On Wed, Dec 22, 2010 at 7:50 AM, Mark Mitchell mark@codesourcery.com wrote:
On 12/21/2010 2:12 AM, Loïc Minier wrote:
Upstream faces the same problem, yet manages to move the compiler forward. Since Linaro's goal is for all new developments to make it upstream, we should simply live by upstream's standards when developing patches.
However, Linaro doesn't have upstream's resources. In the context of upstream, if you post a patch that works on (say) ARM, but breaks on (say) SPU, then it's your obligation to fix that problem. But, you generally have the combined resources of upstream, including a lot of expertise from maintainers of other architectures to draw on. In Linaro (despite the fact that we have Ulrich Weigand, a very talented Power developer, and Richard Sandiford, an equally talented MIPS developer), we do not have the breadth of knowledge that we have upstream.
So, I'm questioning the objectives. Linaro isn't upstream. It's not a multi-architecture consortium. It's all about ARM. Therefore, a multi-architecture distribution that wants to provide best-in-class tools for all architectures cannot rely completely on Linaro; there will be important patches for MIPS, Power, x86 and other architectures that are not going to be incorporated into the Linaro sourcebase.

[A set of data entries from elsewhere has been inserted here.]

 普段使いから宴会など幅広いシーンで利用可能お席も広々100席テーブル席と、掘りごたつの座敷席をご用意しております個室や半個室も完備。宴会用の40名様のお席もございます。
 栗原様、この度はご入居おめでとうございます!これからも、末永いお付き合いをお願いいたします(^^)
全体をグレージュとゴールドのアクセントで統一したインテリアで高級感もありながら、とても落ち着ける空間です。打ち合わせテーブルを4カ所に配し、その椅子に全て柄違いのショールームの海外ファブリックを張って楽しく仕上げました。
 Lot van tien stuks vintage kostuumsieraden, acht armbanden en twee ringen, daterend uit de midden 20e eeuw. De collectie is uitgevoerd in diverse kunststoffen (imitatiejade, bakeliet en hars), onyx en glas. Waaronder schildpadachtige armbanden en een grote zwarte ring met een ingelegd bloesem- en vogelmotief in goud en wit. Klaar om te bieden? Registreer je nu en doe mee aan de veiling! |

I'd rather the criteria for Linaro be that the Linaro sourcebase work well on ARM. Of course, we should submit patches upstream as well. In that process, the patches will change, to better support other architectures, or otherwise. We can backport those changes, or we can just wait for our next merge from upstream, and get them then.
This would give Linaro the clearly focused mission of providing excellent tools for ARMv7-A.

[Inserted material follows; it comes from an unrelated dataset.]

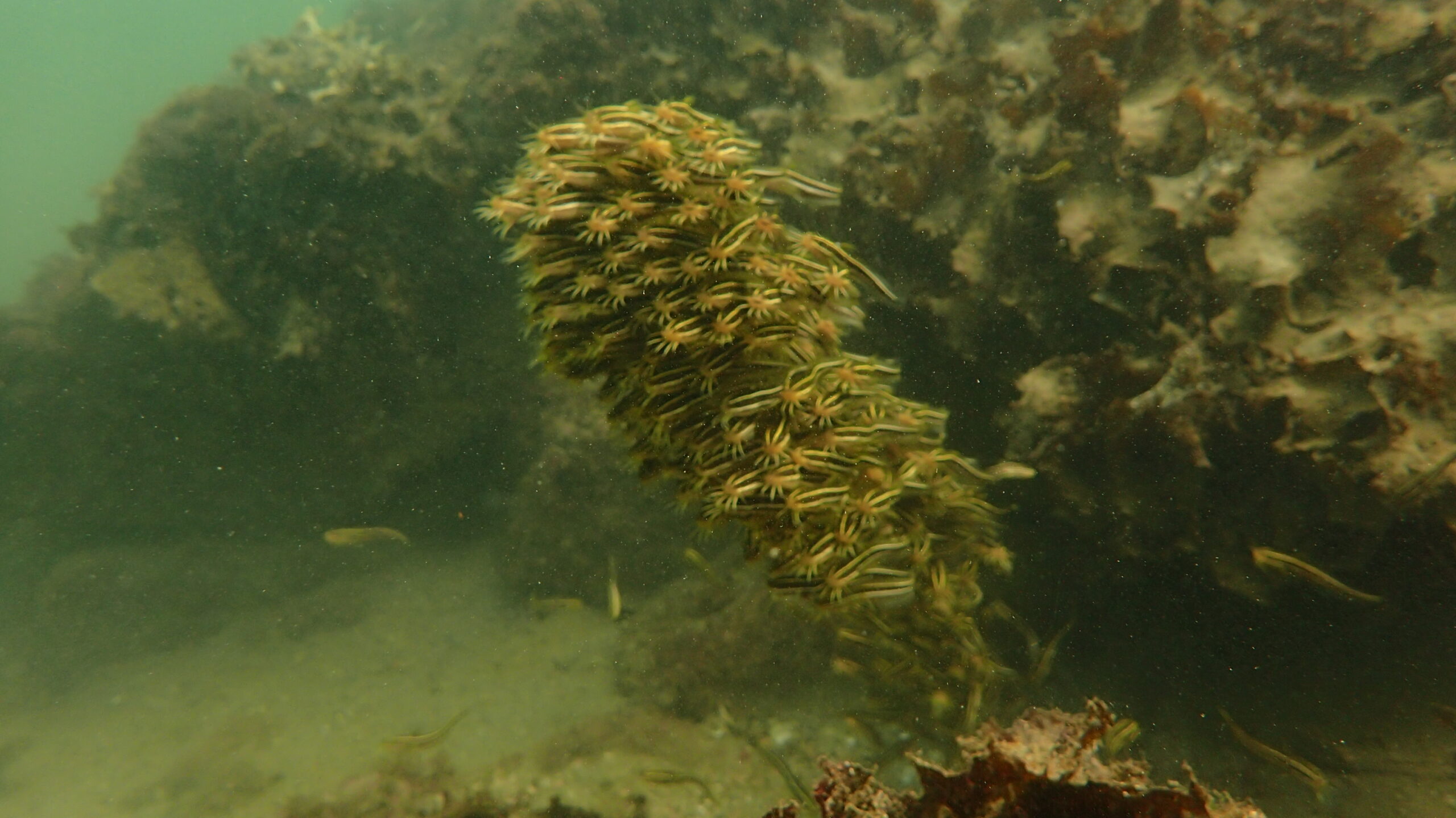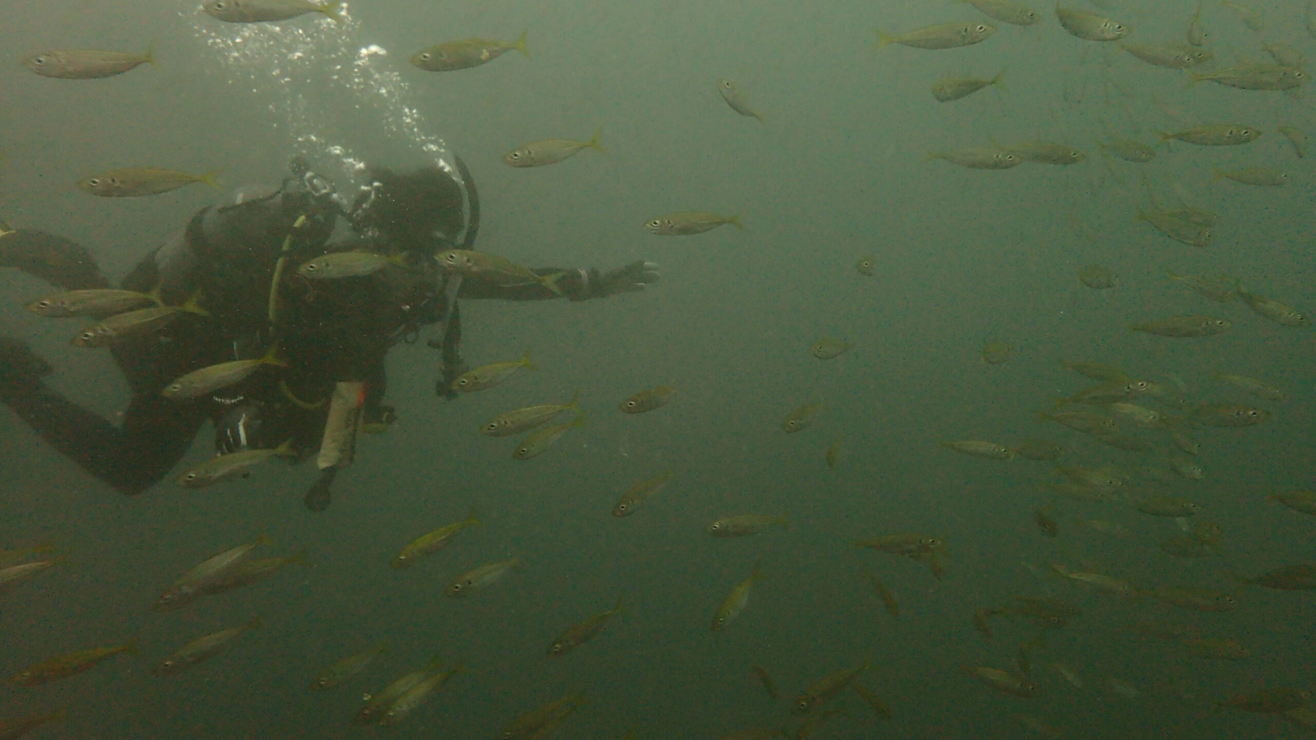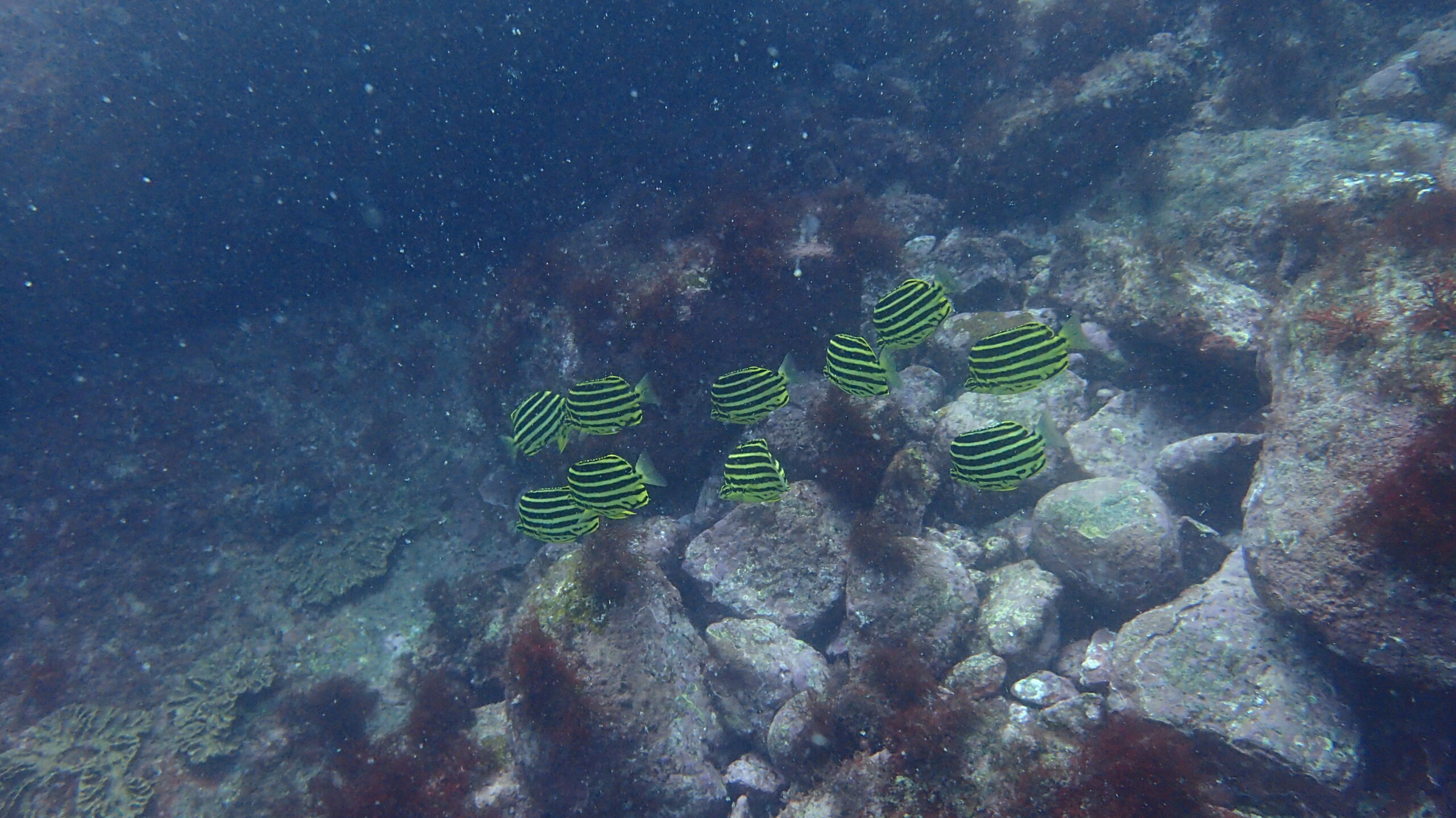クマザサハナムロの大群、シマアジの群れ、スズメダイの群れもいました

I'm more than a month late to the party, but here goes:
I've said the following in the flyer[1]:
""" The group's goal is to improve the competitiveness of Cortex-A series devices, especially the Cortex-A9 with NEON and SMP. We emphasise performance and are neutral on correctness. Most of the performance effort is on improving compilers and libraries, and some is on providing good developer tools to allow the developer to track down the remaining issues and get the device to market.

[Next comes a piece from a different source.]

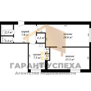 Общая площадь - 54,1 кв.м, две просторные жилые комнаты 18,6 и 15,3 кв.м, вместительная кухня - 7,5 кв.м. Раздельный санузел.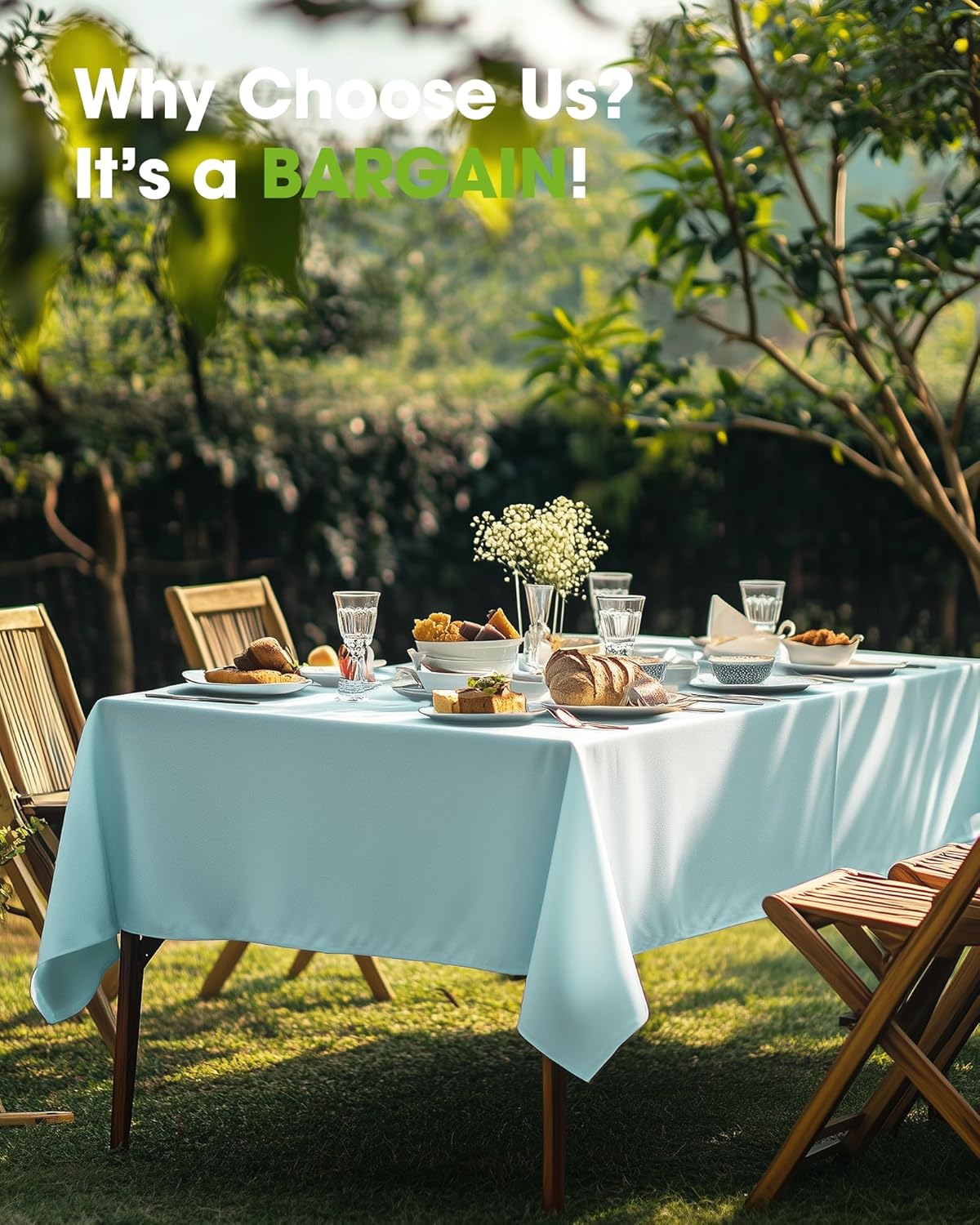 - FIT ANY SHAPE OF TABLES: Pureegg disposable tablecloths for rectangle tables measure 54" x 108" and fit tables up to 8 feet long. These plastic table cloths also fit smaller tables or various kinds of tables, like folding buffets, outdoor picnic, kitchen, and dining tables.

The primary platforms are Linux on Cortex-A, i686, and x86_64. Improvements are done for the Cortex-A. The other primary platforms are built, tested, and supported by the group. This gives us a wider range of tests, makes changes more likely to be accepted upstream, and makes the toolchain more useful for multi-platform products such as Ubuntu.
While we do focus on the Cortex-A, we attempt to 'do no harm' to other architectures. The performance and correctness should be no worse than the corresponding upstream version. We plan to monitor the correctness, speed, and size of the automated builds in the following combinations:
ARMv7 + Thumb2 + VFP ARMv5 + ARM + Software FP ARMv5 + Thumb1 + Softare FP i686 x86_64
Correctness regressions will be fixed. Significant size or performance regressions will be fixed. """
So: 1. If we break (any) ARM, i686, or x86_64, we'll fix it 2. Similarly, if others find our ARMv7, i686, or x86_64 to be broken, we'll fix it 3. If we break any other architecture we won't know unless others get involved 4. Performance *could* drop on i686 and x86_64. We'll measure it and see if it's a problem.
(1) and (2) should be sufficient for a distro like Ubuntu to use Linaro GCC for all of their official platforms. (1) and (2) are also an honest effort and, if we can meet these, then the patch should be acceptable upstream and gives us the advantage of exercising more of the middle end.
The counter examples are more interesting: * If others find Thumb-1 to be broken, it should be fixed by the greater ARM community upstream * If a change in Linaro GCC 4.5 breaks PowerPC, we might not fix it * If a change from us in trunk drops MIPS performance by 2 %, we might not fix it
When push comes to shove, performance on ARMv7 wins. Things should smooth out once trunk opens again as we'll be working upstream and can use upstream's normal methods and resources to solve such problems.
I'm working on doing builds in the cloud and once we have that I'll start doing a cross builds for architectures with readily available sysroots (Ubuntu has at least sparc and powerpc). Automation makes this cheap and, although we still don't support them, it'll give early warning for some types of fault.